RECORDS SHOWN:
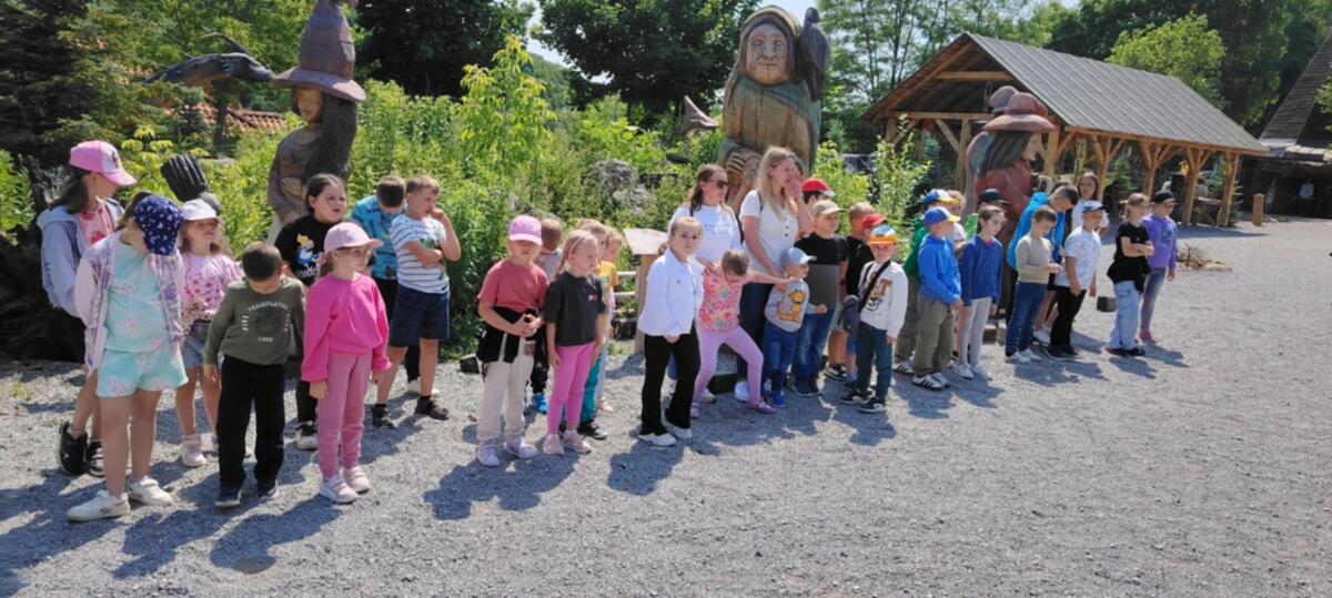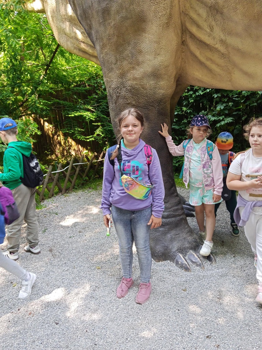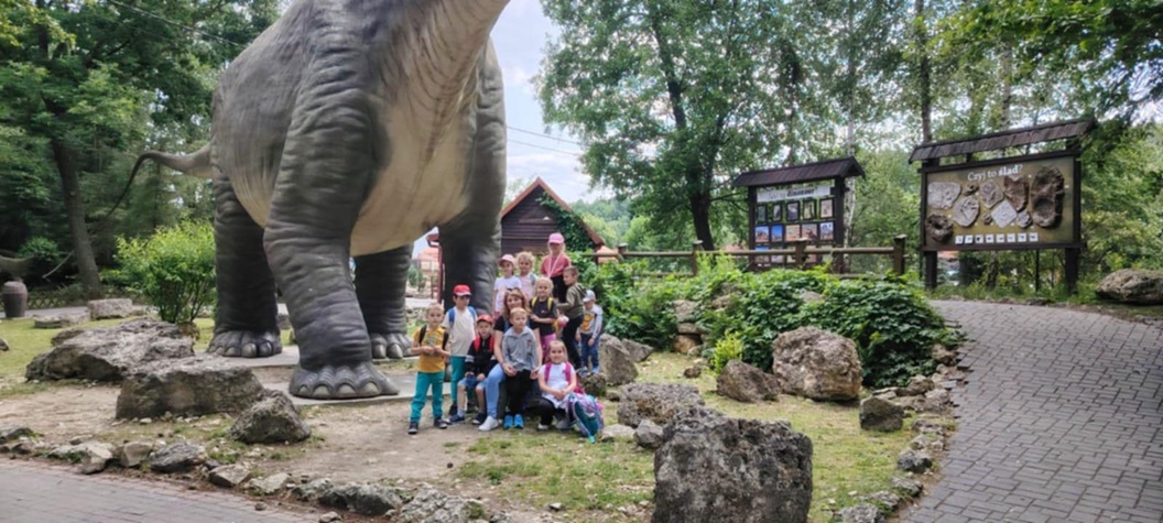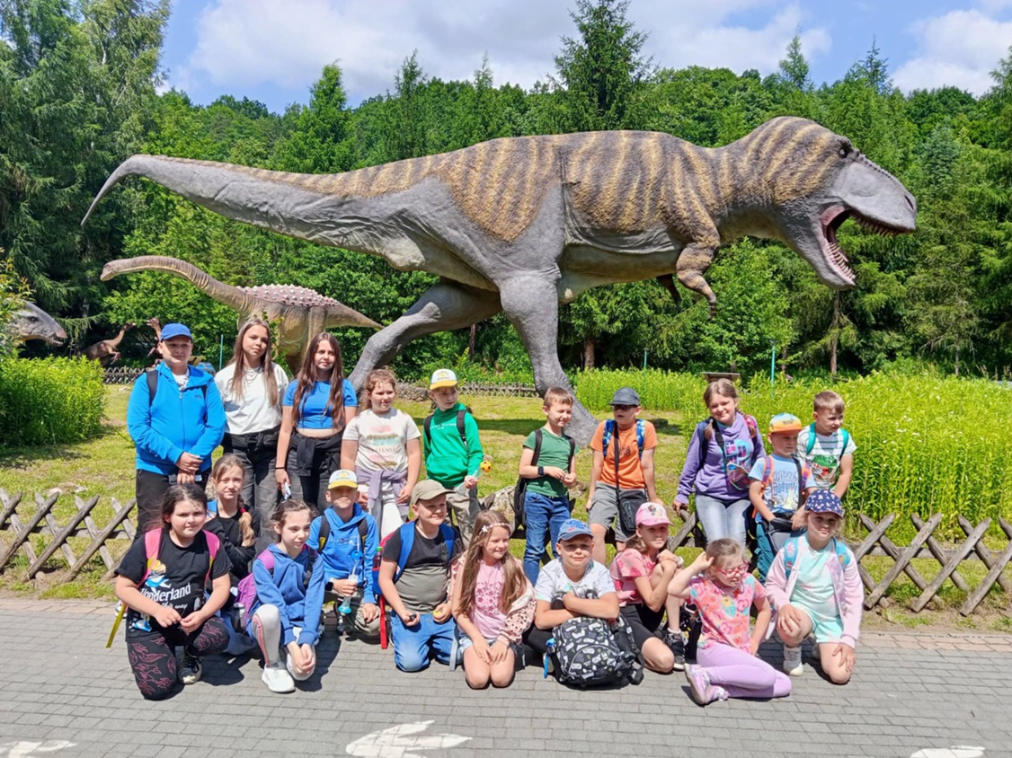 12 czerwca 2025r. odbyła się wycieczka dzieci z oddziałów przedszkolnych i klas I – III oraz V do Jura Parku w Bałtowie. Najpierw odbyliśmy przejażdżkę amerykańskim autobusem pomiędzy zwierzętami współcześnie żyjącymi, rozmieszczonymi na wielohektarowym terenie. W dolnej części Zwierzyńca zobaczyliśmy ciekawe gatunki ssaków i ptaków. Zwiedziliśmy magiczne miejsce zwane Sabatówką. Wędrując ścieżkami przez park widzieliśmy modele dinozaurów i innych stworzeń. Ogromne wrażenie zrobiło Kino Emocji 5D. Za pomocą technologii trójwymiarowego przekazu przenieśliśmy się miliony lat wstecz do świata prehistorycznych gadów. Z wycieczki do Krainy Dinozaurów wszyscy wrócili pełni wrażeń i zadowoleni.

==

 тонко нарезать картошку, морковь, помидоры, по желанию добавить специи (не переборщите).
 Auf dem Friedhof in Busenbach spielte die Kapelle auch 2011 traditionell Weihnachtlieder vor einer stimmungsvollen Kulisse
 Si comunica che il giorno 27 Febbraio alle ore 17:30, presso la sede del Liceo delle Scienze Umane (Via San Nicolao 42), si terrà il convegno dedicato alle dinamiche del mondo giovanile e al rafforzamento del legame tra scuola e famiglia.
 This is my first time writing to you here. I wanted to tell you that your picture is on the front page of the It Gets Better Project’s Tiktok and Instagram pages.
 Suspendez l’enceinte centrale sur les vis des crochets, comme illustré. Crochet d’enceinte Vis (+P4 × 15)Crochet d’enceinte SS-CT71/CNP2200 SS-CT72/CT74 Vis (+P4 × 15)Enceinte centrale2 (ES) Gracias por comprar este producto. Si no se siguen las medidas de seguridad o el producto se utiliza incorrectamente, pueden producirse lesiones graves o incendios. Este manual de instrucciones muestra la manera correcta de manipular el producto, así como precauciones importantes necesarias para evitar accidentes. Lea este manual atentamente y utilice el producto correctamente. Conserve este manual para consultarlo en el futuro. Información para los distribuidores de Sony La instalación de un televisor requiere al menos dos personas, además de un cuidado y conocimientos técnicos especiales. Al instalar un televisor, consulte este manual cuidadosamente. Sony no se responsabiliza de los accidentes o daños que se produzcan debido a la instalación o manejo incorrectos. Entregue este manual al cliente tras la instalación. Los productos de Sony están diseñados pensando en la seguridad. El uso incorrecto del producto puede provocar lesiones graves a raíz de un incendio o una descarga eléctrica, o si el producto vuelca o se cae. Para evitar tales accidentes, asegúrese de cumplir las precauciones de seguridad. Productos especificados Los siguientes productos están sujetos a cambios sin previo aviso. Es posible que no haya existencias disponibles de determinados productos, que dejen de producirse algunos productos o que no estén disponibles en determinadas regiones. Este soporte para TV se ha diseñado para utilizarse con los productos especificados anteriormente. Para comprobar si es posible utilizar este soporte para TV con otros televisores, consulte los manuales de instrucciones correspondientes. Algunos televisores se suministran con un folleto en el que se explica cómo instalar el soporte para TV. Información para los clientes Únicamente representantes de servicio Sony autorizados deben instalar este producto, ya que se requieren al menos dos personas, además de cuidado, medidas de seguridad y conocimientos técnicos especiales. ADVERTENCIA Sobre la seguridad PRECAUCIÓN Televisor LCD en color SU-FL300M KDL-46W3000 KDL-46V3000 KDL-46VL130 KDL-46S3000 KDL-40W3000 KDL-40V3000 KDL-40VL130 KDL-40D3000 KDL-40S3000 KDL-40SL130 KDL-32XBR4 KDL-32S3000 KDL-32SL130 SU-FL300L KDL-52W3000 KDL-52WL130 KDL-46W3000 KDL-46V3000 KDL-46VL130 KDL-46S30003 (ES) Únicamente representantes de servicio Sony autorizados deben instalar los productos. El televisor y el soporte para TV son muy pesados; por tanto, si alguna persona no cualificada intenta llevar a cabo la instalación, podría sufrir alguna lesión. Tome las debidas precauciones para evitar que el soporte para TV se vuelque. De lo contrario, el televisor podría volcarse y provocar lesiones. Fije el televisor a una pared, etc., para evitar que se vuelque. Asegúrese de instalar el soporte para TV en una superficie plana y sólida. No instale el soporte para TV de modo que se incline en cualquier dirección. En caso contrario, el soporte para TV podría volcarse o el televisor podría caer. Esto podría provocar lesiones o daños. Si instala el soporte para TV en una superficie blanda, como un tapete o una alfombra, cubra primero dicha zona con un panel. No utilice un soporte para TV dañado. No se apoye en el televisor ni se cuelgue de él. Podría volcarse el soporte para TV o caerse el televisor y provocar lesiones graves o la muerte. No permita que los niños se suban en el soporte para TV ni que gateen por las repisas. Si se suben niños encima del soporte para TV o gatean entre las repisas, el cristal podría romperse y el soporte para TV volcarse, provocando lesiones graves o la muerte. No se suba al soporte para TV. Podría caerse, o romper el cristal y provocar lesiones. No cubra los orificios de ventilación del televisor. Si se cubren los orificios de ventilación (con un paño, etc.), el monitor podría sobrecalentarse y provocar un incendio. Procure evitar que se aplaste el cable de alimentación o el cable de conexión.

DIRECTIONS FOR THIS TASK: In the data above, start at the line that has "Si comunica che", stop after the line that has "This is my first", and print every line in between exactly as it stands.

RESULT:
 Si comunica che il giorno 27 Febbraio alle ore 17:30, presso la sede del Liceo delle Scienze Umane (Via San Nicolao 42), si terrà il convegno dedicato alle dinamiche del mondo giovanile e al rafforzamento del legame tra scuola e famiglia.
 This is my first time writing to you here. I wanted to tell you that your picture is on the front page of the It Gets Better Project’s Tiktok and Instagram pages.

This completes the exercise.